Obite skórą drzwi skrzypią. Podnoszę głowę i oplatam nogi ramionami. Patrzę w miejsce, z którego dochodził hałas. Ktoś je otwiera, przez krótką chwilę wpada do pomieszczenia odrobina światła.Mrużę oczy, gdyż nie przywykłam do takiej jasności. Fakt, że okna przysłoniły kotary, a wokół unosi się, jedynie niosące zapach ziół powietrze, wcale mi nie pomaga. Ani grama światła, aż do teraz. Znajome błękitno-białe szaty migają mi między oczami, kiedy postać podchodzi do okna, aby je odkryć, tym samym przedzierając się wśród regałów wypełnionych... Wszystkim. Jednym szarpnięciem rozsuwasz materiał zasłon i powodujesz, że z niezadowoleniem marszczę nos.
Światło.
Nadzieja.
Światło.
Jęczę błagalnie kiedy podchodzisz do kolejnego okna, jęczę byś przestał choć wiem, że się mnie nie posłuchasz.
Robisz to.
Nadzieja.
Światło.
Nadzieja.
Wzdycham, gdy podchodzisz do ostatniej kotary z zamiarem jej odsunięcia.
Wzdycham, bo wiem, że nie mogę cię zatrzymać.
Wzdycham, bo wiem, że kiedy mój stan się poprawi odejdziesz.

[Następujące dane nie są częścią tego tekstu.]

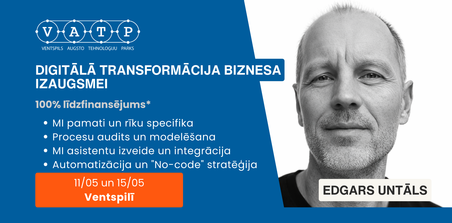 Datums: 11. un 15. Maijs 2026 Laiks: no plkst. 10:00-16:00 (ar 1h pusdienu pārtraukumu) Norises vieta: Ventspils Augsto Tehnoloģiju parks 1 (A1 ieeja 2. stāvs) Kursa cena (bez PVN): 1264.00 € * Atmaksājamā PVN daļa : 265.00 € * Lai saņemtu atbalstu ar 100% DE MINIMIS līdzfinansējumu ir nepieciešams iesniegt 4 dokumentus: Digitālā Brieduma testu ( https://tests.edic.lv ) Digitālo prasmju Ceļa karti (turpat https://tests.edic.lv , kad tests ir izpildīts) De minimis veidlapa ( https://eds.vid.gov.lv ) Atbalsta pieteikuma veidlapa (elektroniski parakstīta) V isu sagatavoto dokumentāciju nepieciešams nosūtīt jūsu konsultantam: simona.graudina@vatp.lv ; Telefons: 29110939 Kursa apraksts MI valodas modeļu un instrumentu specifika un to praktisks pielietojums biznesa izaugsmei; Svarīgāko biznesa procesu modelēšana un pielāgošana izvēlētajam biznesa modelim; Efektīvākās metodes un MI instrumenti biznesa procesu auditam, "vājo posmu" identificēšanai un prioritizēšanai pirms digitalizācijas uzsākšanas; Specifiku MI Asistentu izveide un integrācija; Promptu un instrukciju izveides pamatprincipi; Digitālo rīku ieviešanas stratēģija: "Low-code" un "No-code" risinājumu integrācija; Automatizācija kā konkurētspējas priekšrocība: praktiski piemēri darba plūsmu automatizēšanai. Kursa mērķis Palīdzēt dalībniekiem apgūt progresīvākos digitālās transformācijas instrumentus un radīt izpratni par MI iespējām biznesa mērķu sasniegšanā K omersantu ieguvums pēc kursa pabeigšanas Dalībnieki apgūst progresīvākos digitālās transformācijas instrumentus. Veic savas biznesa idejas vai esošās sistēmas auditu. Māk rakstīt ietekmīgas komandas jeb promptus. Automatizē svarīgākos ikdienas darba procesus. Apgūst MI sniegtās priekšrocības. Izveido savu personīgo MI Asistentu un iemācās to iesaistīt svarīgāko biznesa procesu veikšanai. P riekšzināšanas Nav nepieciešamas Pasniedzējs - Edgars Untāls Uzņēmuma CCGROUP vadītājs. 3 grāmatu autors. Sertificēts Biznesa Koučs, NLP treneris un MI Arhitekts. Strādājis par pārdošanas aģentu un vadītāju Šveices farmācijas uzņēmumā. Veicis vairāk nekā 15 000 darījumu tikšanos. Apmācījis un konsultējis tādus uzņēmumus kā Toyota, Mercedes, Samsung, IKEA, Coca-Cola un citus. Pasākums notiek projekta “EDIC uzņēmumu digitālo prasmju attīstība” Projekta nr. 2.3.1.2.i.0/1/24/I/CFLA/001 ietvaros.
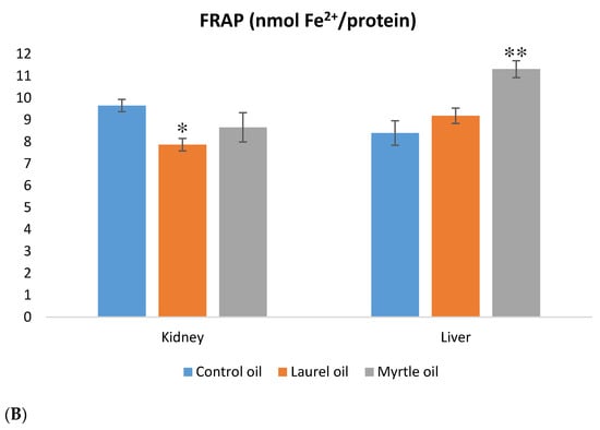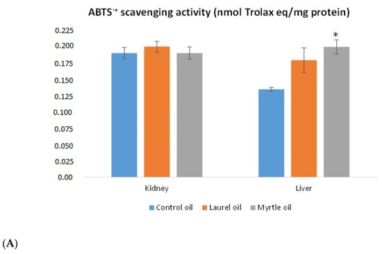 The antioxidant capacity of liver and kidney after treatment with laurel and myrtle EOs was assessed by the FRAP and ABTS method described in detail in [21]. Briefly, the freshly prepared FRAP reagent (1.5 mL) was mixed with 200 µL of water and 50 µL of the tissue sample or blank standard sample with 50 µL water, and incubated for 4 min at room temperature. The absorbance was recorded at λ = 595 nm with a Libro S22 spectrophotometer (Biochrom Ltd., Cambridge, UK) and the ferric-reducing ability of the liver and kidney tissue homogenate was calculated according to the standard curve and expressed as nmol Fe2+ per mg of protein in samples.

Wzdycham, bo wiem, że nawet jeżeli chciałbyś mnie usłyszeć, nie zastosował byś się do moich rad.
Egoista.
Egoistka.
Ty.
I ja.
Upadam, prawie.
Moje stopy przywdziane w złote, oplatające prawie całą nogę buty uderzają w posadzkę. Patrzysz na mnie kiedy nadymam policzki i pozwalam blond kosmykom zasłonić moje zaczerwienione policzki. Twoje oczy, zielone jak zawsze, obojętne jak zawsze, sprawiają, że chce mi się płakać... Nigdy.Nie płakałam za twoimi oczami ani za niebieskimi, długimi pasmami włosów, które mogłabym wiązać w warkocze albo kucyki.
Nie tęsknię też za twoim dotykiem, choć dłonie miałeś i pewnie wciąż masz, bardzo delikatne. Zapach chemikaliów i kwiatów jaki za sobą ciągniesz też nie kłuje mnie w serce.
Tęsknię za sobą.
Za dawną sobą, która miała ciebie na wyłączność.
Tęsknie za tym okresem kiedy mogłam zawiesić się na twojej szyi, czule pocałować w skroń i pokazać wszystkim ze jesteś tylko mój.
Pokazać im, że nie mam zamiaru się z nikim dzielić.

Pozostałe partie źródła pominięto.